**What this task involves:**
Exactly the lines from the one that holds "L’Amministrazione Comunale di" to the end of the data below: retype these and nothing else.

**Material provided:**
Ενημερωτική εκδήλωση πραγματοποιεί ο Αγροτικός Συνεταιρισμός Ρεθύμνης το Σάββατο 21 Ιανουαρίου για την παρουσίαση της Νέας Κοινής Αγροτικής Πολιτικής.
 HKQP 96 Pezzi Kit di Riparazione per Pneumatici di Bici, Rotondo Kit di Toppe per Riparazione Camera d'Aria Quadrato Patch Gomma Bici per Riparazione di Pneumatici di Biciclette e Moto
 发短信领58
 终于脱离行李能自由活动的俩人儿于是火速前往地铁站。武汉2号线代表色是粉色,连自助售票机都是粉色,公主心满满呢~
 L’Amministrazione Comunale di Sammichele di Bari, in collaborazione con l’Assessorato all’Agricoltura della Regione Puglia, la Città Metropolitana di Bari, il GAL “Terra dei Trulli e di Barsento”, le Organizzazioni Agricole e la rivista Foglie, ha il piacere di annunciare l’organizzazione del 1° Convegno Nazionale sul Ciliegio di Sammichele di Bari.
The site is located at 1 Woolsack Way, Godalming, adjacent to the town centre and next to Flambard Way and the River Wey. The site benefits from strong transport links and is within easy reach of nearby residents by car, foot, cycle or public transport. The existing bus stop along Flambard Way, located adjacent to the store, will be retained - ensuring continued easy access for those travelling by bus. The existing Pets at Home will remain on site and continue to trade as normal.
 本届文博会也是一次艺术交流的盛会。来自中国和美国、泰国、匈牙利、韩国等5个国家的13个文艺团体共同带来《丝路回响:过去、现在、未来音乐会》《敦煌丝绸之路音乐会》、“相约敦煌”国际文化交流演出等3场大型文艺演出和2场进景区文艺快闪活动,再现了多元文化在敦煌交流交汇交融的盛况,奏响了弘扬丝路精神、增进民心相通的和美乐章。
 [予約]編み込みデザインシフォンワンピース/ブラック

**Written solution:**
 L’Amministrazione Comunale di Sammichele di Bari, in collaborazione con l’Assessorato all’Agricoltura della Regione Puglia, la Città Metropolitana di Bari, il GAL “Terra dei Trulli e di Barsento”, le Organizzazioni Agricole e la rivista Foglie, ha il piacere di annunciare l’organizzazione del 1° Convegno Nazionale sul Ciliegio di Sammichele di Bari.
The site is located at 1 Woolsack Way, Godalming, adjacent to the town centre and next to Flambard Way and the River Wey. The site benefits from strong transport links and is within easy reach of nearby residents by car, foot, cycle or public transport. The existing bus stop along Flambard Way, located adjacent to the store, will be retained - ensuring continued easy access for those travelling by bus. The existing Pets at Home will remain on site and continue to trade as normal.
 本届文博会也是一次艺术交流的盛会。来自中国和美国、泰国、匈牙利、韩国等5个国家的13个文艺团体共同带来《丝路回响:过去、现在、未来音乐会》《敦煌丝绸之路音乐会》、“相约敦煌”国际文化交流演出等3场大型文艺演出和2场进景区文艺快闪活动,再现了多元文化在敦煌交流交汇交融的盛况,奏响了弘扬丝路精神、增进民心相通的和美乐章。
 [予約]編み込みデザインシフォンワンピース/ブラック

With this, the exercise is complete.